Requirement:
From the line with "Промазывайте коржи кремом" to the end of the data below, restate each line word for word, both ends included, without the pictures.

Information shown:
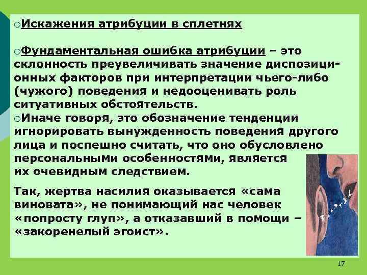 ¡Искажения атрибуции в сплетнях ¡Фундаментальная ошибка атрибуции – это склонность преувеличивать значение диспозиционных факторов при интерпретации чьего-либо (чужого) поведения и недооценивать роль ситуативных обстоятельств. ¡Иначе говоря, это обозначение тенденции игнорировать вынужденность поведения другого лица и поспешно считать, что оно обусловлено персональными особенностями, является их очевидным следствием. Так, жертва насилия оказывается «сама виновата» , не понимающий нас человек «попросту глуп» , а отказавший в помощи – «закоренелый эгоист» . 17
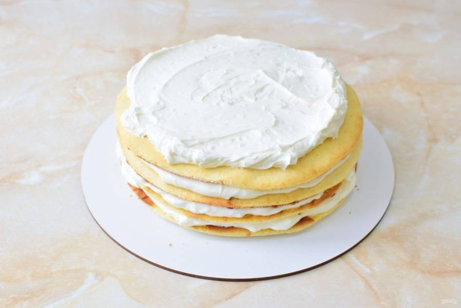 Промазывайте коржи кремом и собирайте торт. Тонкие молочные коржи дополнительно пропитывать не надо.
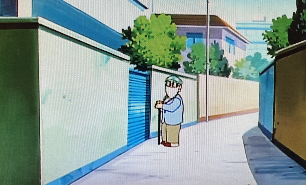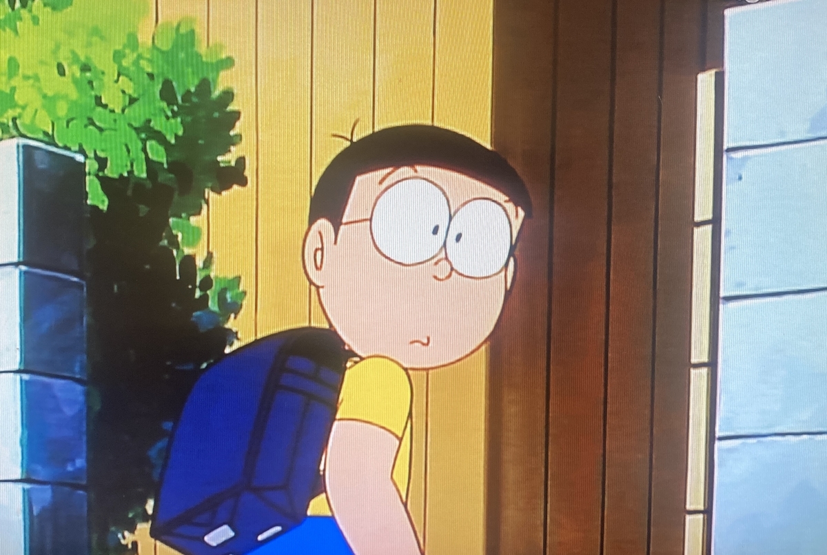 冒頭、怪しいおじさんい気付くのはのび太でした。

Task response:
 Промазывайте коржи кремом и собирайте торт. Тонкие молочные коржи дополнительно пропитывать не надо.
 冒頭、怪しいおじさんい気付くのはのび太でした。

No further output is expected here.